Escrito por Laura Casamitjana

Um derrame de pellets no oceano, a 8 de dezembro, põe em evidência a necessidade de combater a poluição por microplásticos. A su vez, la sombra de la catástrofe ambiental pesa sobre la memoria gallega, dónde una vez más, los voluntarios están siendo el bastión de resistencia ante la ineficacia administrativa

What potions have I drunk of Siren tears escrevia Shakespeare no seu soneto 119. Quem diria que, séculos mais tarde, num gesto de injustiça poética, os mares se tornariam a poção corrompida.

Os pellets, também conhecidos como aparas de plástico ou lágrimas de sereia ― o nurdles em inglés ― são um problema de elevada gravidade: “as perdas de pellets de plástico para o ambiente são a terceira maior fonte de libertação não intencional de microplásticos”, afirma a nova proposta da Comissão Europeia para reduzir a poluição por microplásticos. Para além dos granulados – um resíduo particularmente complexo de remover das costas, uma vez que são bolas com cerca de 5 mm de diâmetro – o relatório europeu menciona outras fontes de poluição, desde os pneus aos geotêxteis.

“Oito milhões de toneladas de lixo por ano vão parar aos mares e oceanos (o equivalente ao peso de 800 Torres Eiffel, a cobrir 34 vezes a ilha de Manhattan ou ao peso de 14 285 aviões Airbus A380)”. As primeiras linhas de um relatório da Greenpeace sobre os plásticos nos oceanos são muito diretas.

A catástrofe ambiental ocorrida a 8 de dezembro, com a descarga de pellets a 80 quilómetros da costa portuguesa, vem mais uma vez evidenciar os problemas dos nossos mares. O navio Toconao perdeu vários contentores. Um deles transportava 1050 sacos de pellets, num total de mais de 26 toneladas de microplásticos.

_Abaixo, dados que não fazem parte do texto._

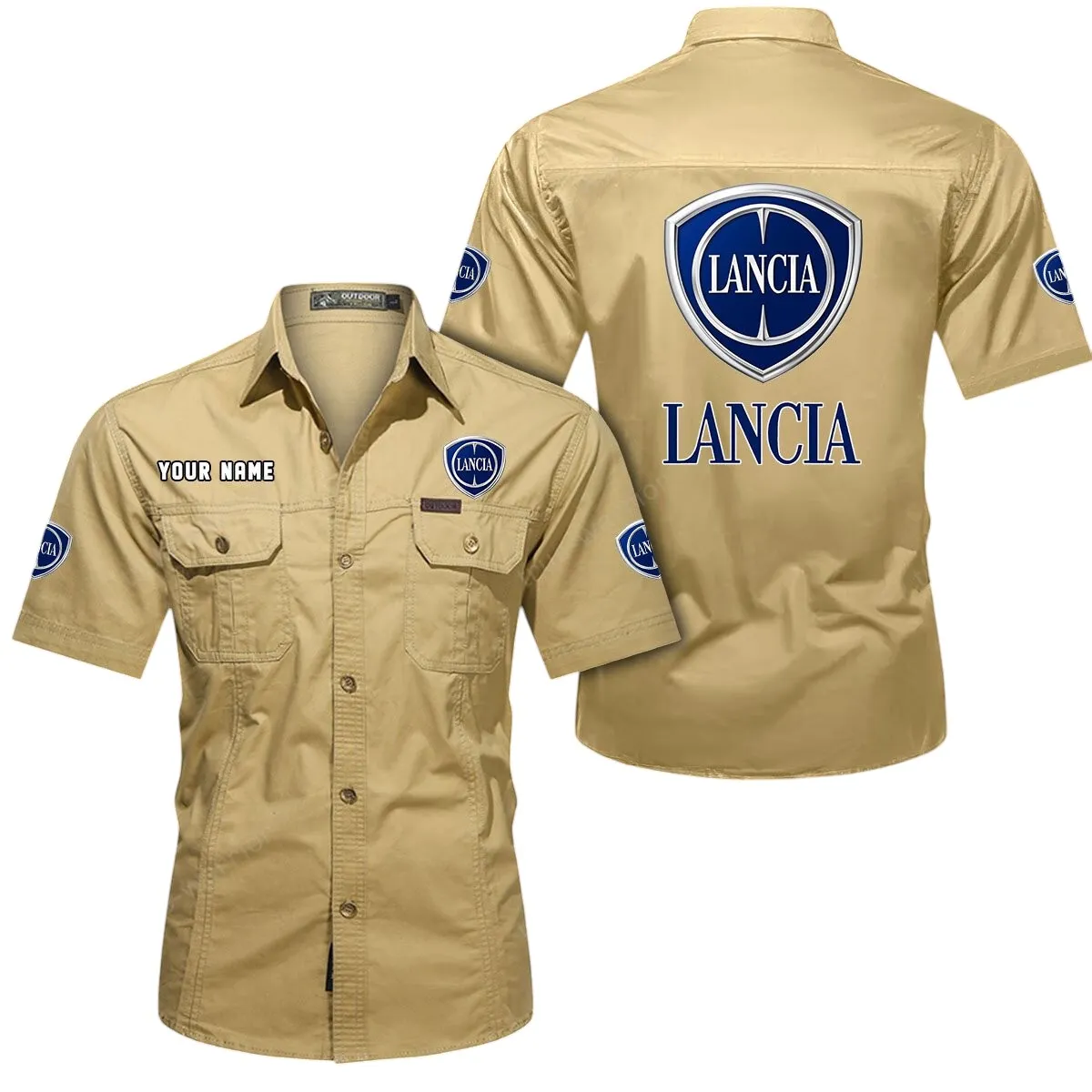Lancia Short Sleeved Shirt, All Over Print Button Shirt CAR444052625963 – Khaki
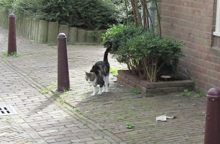 Ha! Bel de Franskat is ook weer in het land. Hij is lang op vakantie geweest, en nu heeft hij de zware taak om zijn territorium (de katbladbuurt en nog een stukkie daarbij) weer te markeren. Ja, want als je zo lang weg bent geweest, zijn al jouw geuren verdwenen, maar bovendien moet je ook gaan vaststellen wie er allemaal zijn langsgeweest, hoe vaak dat was etc. Nou, begin daar maar eens aan, heh? Maar het moet wel gebeuren, en een beetje snel ook, anders kun je niet je status als "Schrik van de Buurt" behouden, wel? Daarom dus.
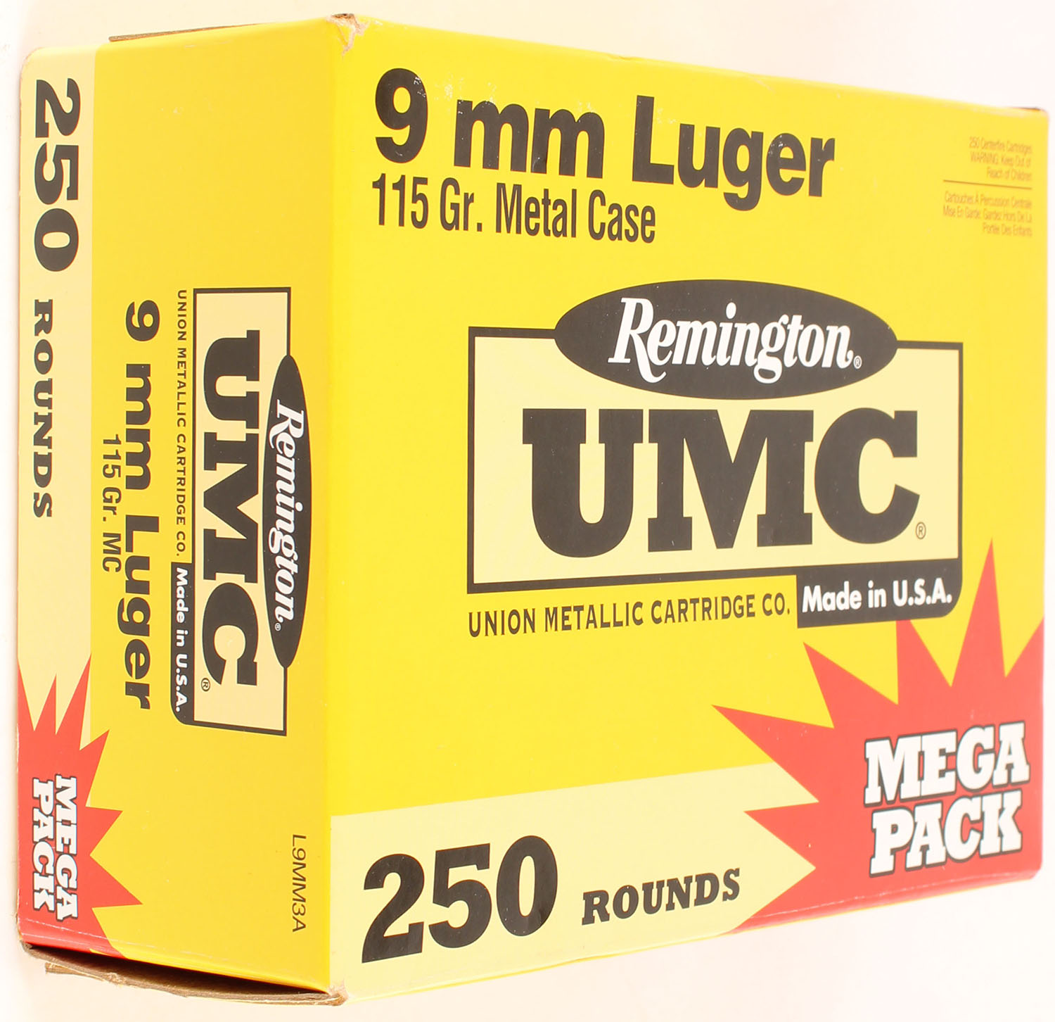 Remington, UMC, 9mm Luger, 115 Grain Metal Case, Full 250rds., 1pc., case is very solid with excellent colors, ammo is excellent. Grade: Excellent ++ - Value: 60 to 90
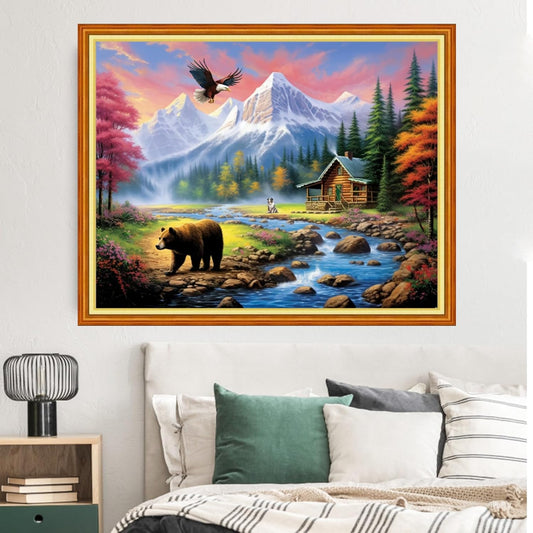 Dimxvean Stamped Cross Stitch Kits,Cross Stitch Kits for Adults Beginners,Embroidery Kits Full Range of Cross Stitch Stamped Kits Needlepoint Kits Cross Stitch Patterns-Eagle Mountain River 16x20 inch
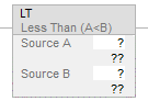 EnableIn is true | Numeric compare: If SourceA and SourceB are not NANs and SourceA is less than SourceB. Set Dest to true else Clear Dest to false. |

Os voluntários apelam à profissionalização do processo de limpeza

“Soubemos dos primeiros sacos de pellets que chegaram a 13 de dezembro ao município da Ribeira”, explica Maria Sieira. Maria Sieira é uma das fundadoras da Noia Limpa, a pequena organização que ganhou destaque nos media ao divulgar o evento com o apoio de influenciadores galegos. “Alguns dias depois, um colega que está envolvido no mundo do surf disse-nos que tinham sido vistas grandes quantidades de pequenas bolas brancas na praia das Furnas. Quando um colega se aproximou de nós e viu a situação, tudo cheio de plástico de um saco que se tinha rompido contra as rochas, começámos a reportar o caso nas redes sociais”.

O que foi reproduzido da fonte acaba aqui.